And heart disease can be especially dangerous during pregnancy.
As heart rate increases and blood pressure changes, the extra cardiac work from carrying a baby can complicate preexisting heart conditions.
While many women may be looking forward to the milestone of having a baby, they may also have questions about the potential impacts of heart disease during pregnancy.
Understanding the signs and symptoms can lead to early detection and intervention.
By prioritizing heart health before, during and after pregnancy, women can ensure a healthier future for themselves and their baby.
Experts from University of Michigan Health helped answer an array of questions during a live discussion.
The panel included Timothy Cotts, M.D., a cardiologist who specializes in adult congenital heart disease, and Elizabeth Langen, M.D., a maternal-fetal medicine specialist and the maternal-fetal medicine director of the cardio-obstetrics program.
See summaries of experts' responses below or watch the full Q&A discussion on pregnancy and heart health.
Before pregnancy
Is it safe to get pregnant if I have a heart condition?
Langen: Pregnancy is always a risk factor to health and you’re always more likely to have medical problems while pregnant.
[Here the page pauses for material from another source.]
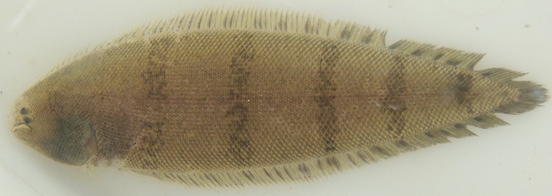 | 1B | Focinho alongado; boca ventral e aproximadamente curva; linha lateral bem desenvolvida no lado com olhos; nadadeiras pélvicas confluentes com a nadadeira anal. | Cynoglossus (Atlântico leste a oeste do Pacífico) | ![]() |

But it really depends on the specific cardiac condition that a person has.
We try to assess whether they have a small added risk compared to the general population or if their heart condition is serious enough that we recommend other options like surrogacy or adoption.
It’s important that patients with underlying heart disease make the choice about when to get pregnant in partnership with their cardiologist to optimize their health and medications.
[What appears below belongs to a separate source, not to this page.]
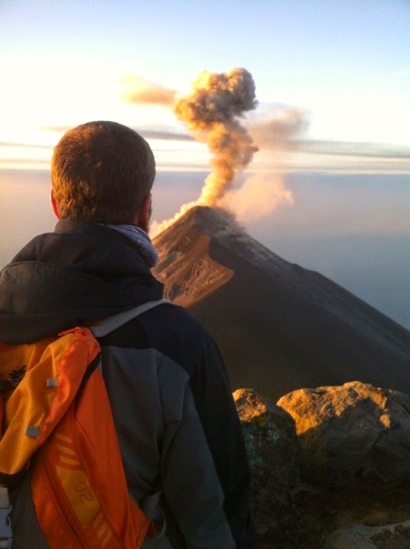 Este día fue una locura, porque a la noche ascendí el Acotenango, la tercera montaña, más alta de Guatemala que nos llevó hasta los 4.000 m de altura. Empezamos la ascensión a las 23:45h. Una mezcla de incertidumbre e inquietud con lo que uno se iba a encontrar era la sensación que reinaba en mi. Tras 4 horas y media de ascensión al Acatenango, que en realidad es un volcán, hicimos cumbre en un momento en el que la temperatura estaba por debajo de los 0 grados. El guía hizo una hoguera que fue muy oportuna para afrontar el frío. Allí esperé a presenciar el amanecer más alucinante que haya visto en mi vida. El momento álgido se dio cuando el volcán de fuego, colindante con el Acatenango, entró en erupción y me regaló una instantánea del sol saliendo de fondo y el volcán escupiendo lava.

If they are already pregnant, it’s vital that they reach out to a cardiologist right away to monitor the rest of the pregnancy.
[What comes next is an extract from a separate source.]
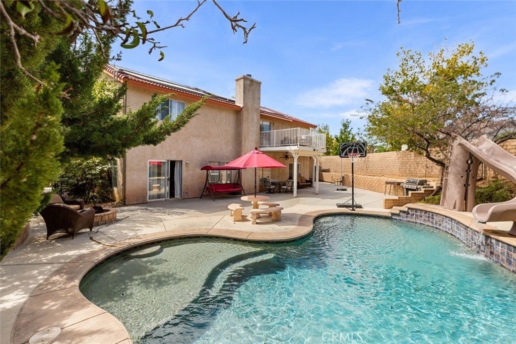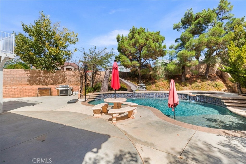 This stunning 5-bedroom, 3-bathroom single-family home offers 3,263 sq ft of beautifully upgraded living space on a generous 13,763 sq ft lot. With 3 attached garage spaces, this home perfectly balances comfort, space, and style. Home is fully furnished. Considered the entertainer's dream featuring a Pebble Tec pool with a waterfall, water slide, Jacuzzi, and color-changing LED lighting, all powered by a dedicated solar system for the pool. The home also boasts 36 fully paid-off solar panels, keeping energy costs low year-round. Enjoy evenings by the custom fire pit or host unforgettable gatherings in the freshly poured concrete patio areas that span both the front and backyard. The entire property is enclosed by block walls and custom gates, providing security, privacy, and peace of mind. Inside, the home is filled with modern upgrades throughout, truly too many to list. From spacious living areas to well-appointe

Can pregnancy make my heart condition worse?
Cotts: We certainly see a higher risk for cardiac events over the course of a pregnancy.
There are situations where we can see decreased heart function in pregnant women. The risk for serious events, such as death, is, fortunately, very low, even in patients with serious heart conditions.
Are some preexisting conditions particularly high risk?
Langen: Anybody with a heart disease, a heart transplant or a congenital heart disease should take certain precautions before getting pregnant.
But there are a few groups that may be particularly high risk, including people with connective tissue disorders, pulmonary hypertension or a history of peripartum cardiomyopathy. These are among the few situations where we might discourage a pregnancy.
Is there an age at which pregnancy is no longer recommended?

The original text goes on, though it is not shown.